**What you are asked to do**
Leaving out the pictures, restate each record below word for word.
===== Material for this exercise =====
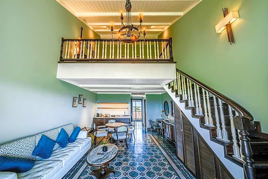 Located on the upper floor, the junior suite balcony guestrooms feature a large balcony overlooking the pool, gardens and community house. Period furnishings, very dark brown/almost black hard wooden flooring gives elegance and depth, complimenting white walls and cool linens. Large bathroom with a chic vintage-style, free standing bathtub. A pair can be balcony connected, providing ideal vacation for a family or a group of close friends. Extra bed is not available.
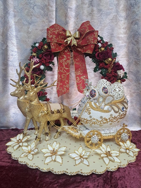 後)「ROSE & ROSE リース」(素材:うずら、ゴールド金粉仕上げ、フラワーアレンジメント 約径51×幅10cm) 前)「氷の国から」(素材:オーストリッチ、グース、チキン、うずら カット・シルクパウダー・ビーズステッチなど 約幅40×奥行26×高さ28cm)
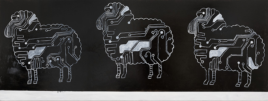 110 × 290 cm Lacquer, acrylic on canvasPaintingSeries: A Square's DreamTags: Machine, Sheep - 2021A Square’s Dream I
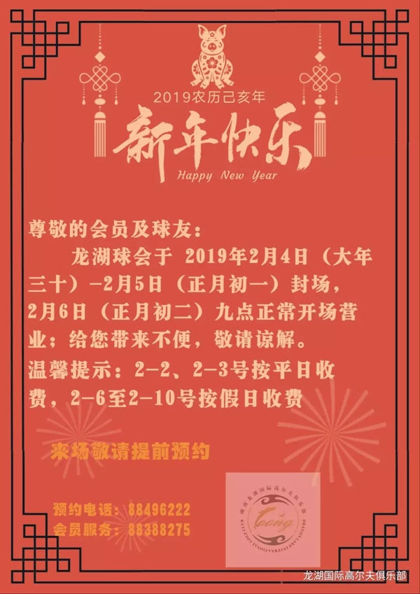龙湖球会2019年春节放假通知出来啦,除夕(2月4号)--大年初一(2月5号)球会封场,正月初二(2月6号)九点正式开始营业
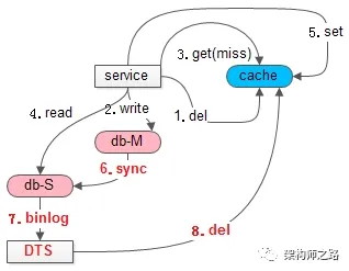 (6)主从同步;(7)通过工具订阅从库的binlog,这里能够最准确的知道,从库数据同步完成的时间;(8)从库执行完写操作,向缓存再次发起删除,淘汰这段时间内可能写入缓存的旧数据;如此这般,至少能够保证,引入缓存之后,主从不一致,不会比没有引入缓存更坏。
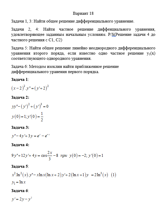ДЗ 2: Дифференциальные уравнения вариант 18
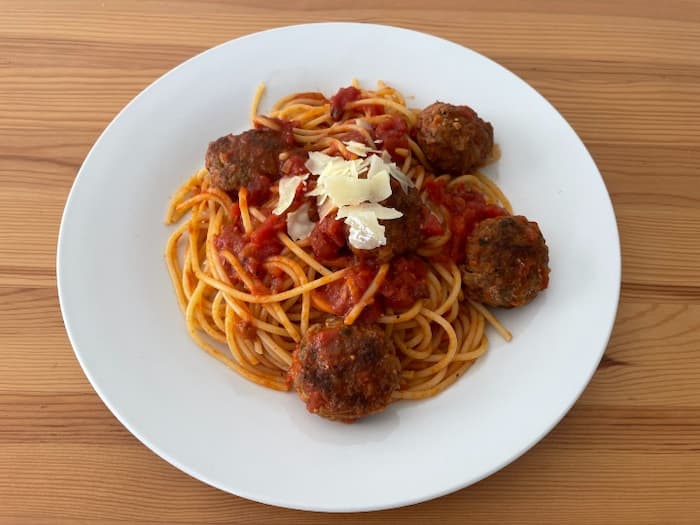ボリューム満点のミートボールスパゲティ。現在筆者が住んでいるオーストラリアでも人気のあるパスタレシピです。
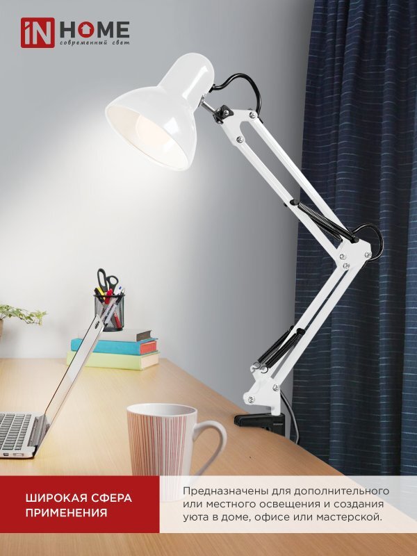 Светильник настольный СНО 15Б 60Вт E27 230В под лампу на основании бел. (кор.) IN HOME 4690612012896
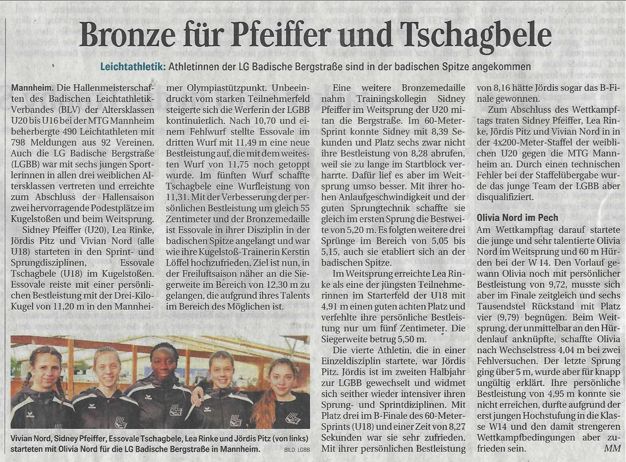 Bronze für Pfeiffer und Tschagbele Bronze für Pfeiffer und Tschagbele Athletinnen der LG Badische Bergstraße sind in der badischen Spitze angekommen Weiterlesen
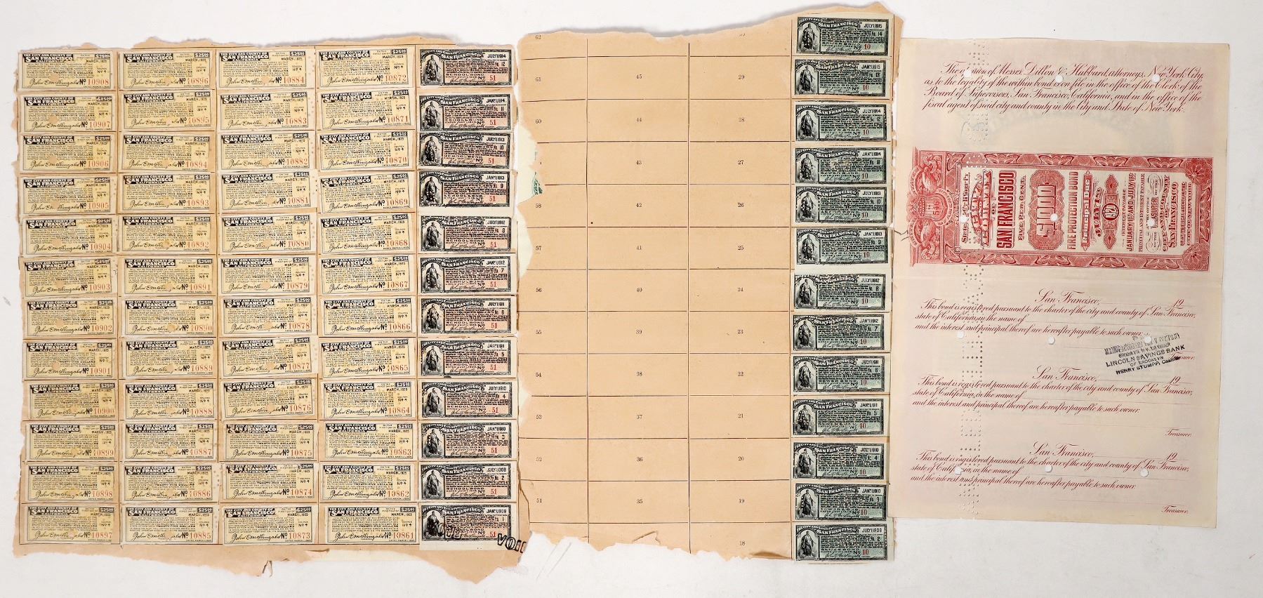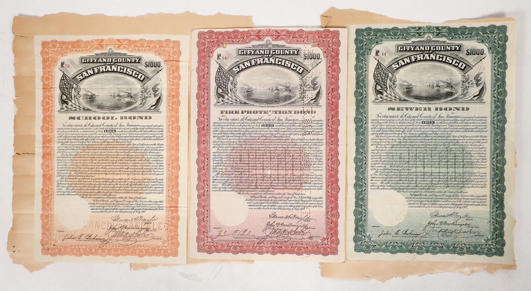 Group of 3 $1000 bonds issued by the City and County of San Francisco: a school bond, a sewer bond, and a fire protection bond. All three are dated 1908, and are both issued and cancelled. All signed by SF mayor Edward R. Taylor. Nice vignette of ships in harbor and embossed city seal on each. The sewer and school certificates are mounted on paper with bond coupons attached on verso. Generally good condition; some warping on the mounted certs.
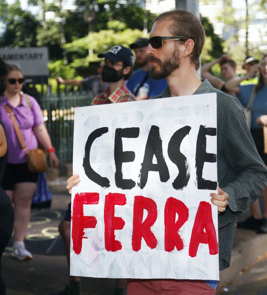 Protesters blocked the road next to the Queensland parliament on March 7 as part of the campaign to #ShutDownFerra.
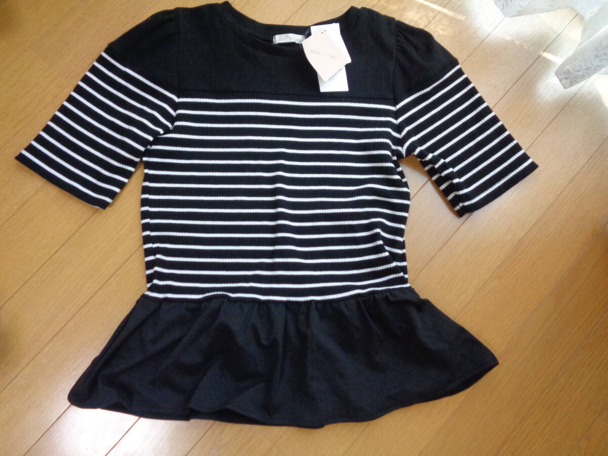 しまむら☆インフルエンサーコラボ☆ナオ☆nao☆異素材☆ペプラム☆ボーダー☆トップス☆プルオーバー☆Tシャツ☆新品☆高見え☆おしゃれ
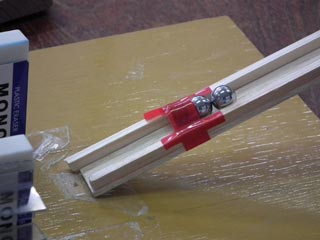 ピタゴラスイッチ。 拡大写真は今年のピタゴラスイッチの目玉装置。鉄球を上方に撃力移動させます。
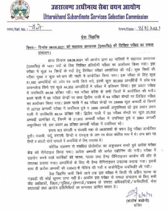 देहरादून। अधीनस्थ सेवा चयन आयोग द्वारा आयोजित सहायक अध्यापक, एलटी की 1431 पदों पर भर्ती परीक्षा संपन्न हो गई। यह परीक्षा राज्य में 95 परीक्षा केंद्रों पर संपन्न हुई।
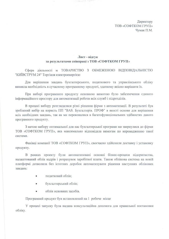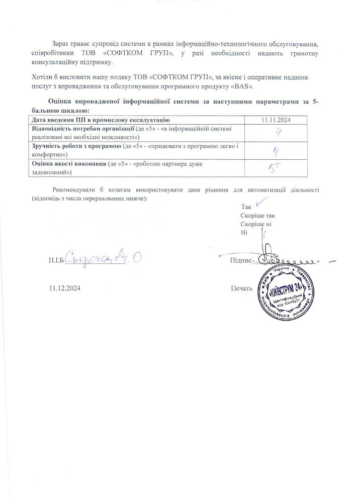 Хотіли б висловити подяку ТОВ «СОФТКОМ ГРУП» за якісне та оперативне надання послуг із впровадження та обслуговування програмного продукту «BAS».
=====
**Task solution**
 Located on the upper floor, the junior suite balcony guestrooms feature a large balcony overlooking the pool, gardens and community house. Period furnishings, very dark brown/almost black hard wooden flooring gives elegance and depth, complimenting white walls and cool linens. Large bathroom with a chic vintage-style, free standing bathtub. A pair can be balcony connected, providing ideal vacation for a family or a group of close friends. Extra bed is not available.
 後)「ROSE & ROSE リース」(素材:うずら、ゴールド金粉仕上げ、フラワーアレンジメント 約径51×幅10cm) 前)「氷の国から」(素材:オーストリッチ、グース、チキン、うずら カット・シルクパウダー・ビーズステッチなど 約幅40×奥行26×高さ28cm)
 110 × 290 cm Lacquer, acrylic on canvasPaintingSeries: A Square's DreamTags: Machine, Sheep - 2021A Square’s Dream I
龙湖球会2019年春节放假通知出来啦,除夕(2月4号)--大年初一(2月5号)球会封场,正月初二(2月6号)九点正式开始营业
 (6)主从同步;(7)通过工具订阅从库的binlog,这里能够最准确的知道,从库数据同步完成的时间;(8)从库执行完写操作,向缓存再次发起删除,淘汰这段时间内可能写入缓存的旧数据;如此这般,至少能够保证,引入缓存之后,主从不一致,不会比没有引入缓存更坏。
ДЗ 2: Дифференциальные уравнения вариант 18
ボリューム満点のミートボールスパゲティ。現在筆者が住んでいるオーストラリアでも人気のあるパスタレシピです。
 Светильник настольный СНО 15Б 60Вт E27 230В под лампу на основании бел. (кор.) IN HOME 4690612012896
 Bronze für Pfeiffer und Tschagbele Bronze für Pfeiffer und Tschagbele Athletinnen der LG Badische Bergstraße sind in der badischen Spitze angekommen Weiterlesen
 Group of 3 $1000 bonds issued by the City and County of San Francisco: a school bond, a sewer bond, and a fire protection bond. All three are dated 1908, and are both issued and cancelled. All signed by SF mayor Edward R. Taylor. Nice vignette of ships in harbor and embossed city seal on each. The sewer and school certificates are mounted on paper with bond coupons attached on verso. Generally good condition; some warping on the mounted certs.
 Protesters blocked the road next to the Queensland parliament on March 7 as part of the campaign to #ShutDownFerra.
 しまむら☆インフルエンサーコラボ☆ナオ☆nao☆異素材☆ペプラム☆ボーダー☆トップス☆プルオーバー☆Tシャツ☆新品☆高見え☆おしゃれ
 ピタゴラスイッチ。 拡大写真は今年のピタゴラスイッチの目玉装置。鉄球を上方に撃力移動させます。
 देहरादून। अधीनस्थ सेवा चयन आयोग द्वारा आयोजित सहायक अध्यापक, एलटी की 1431 पदों पर भर्ती परीक्षा संपन्न हो गई। यह परीक्षा राज्य में 95 परीक्षा केंद्रों पर संपन्न हुई।
 Хотіли б висловити подяку ТОВ «СОФТКОМ ГРУП» за якісне та оперативне надання послуг із впровадження та обслуговування програмного продукту «BAS».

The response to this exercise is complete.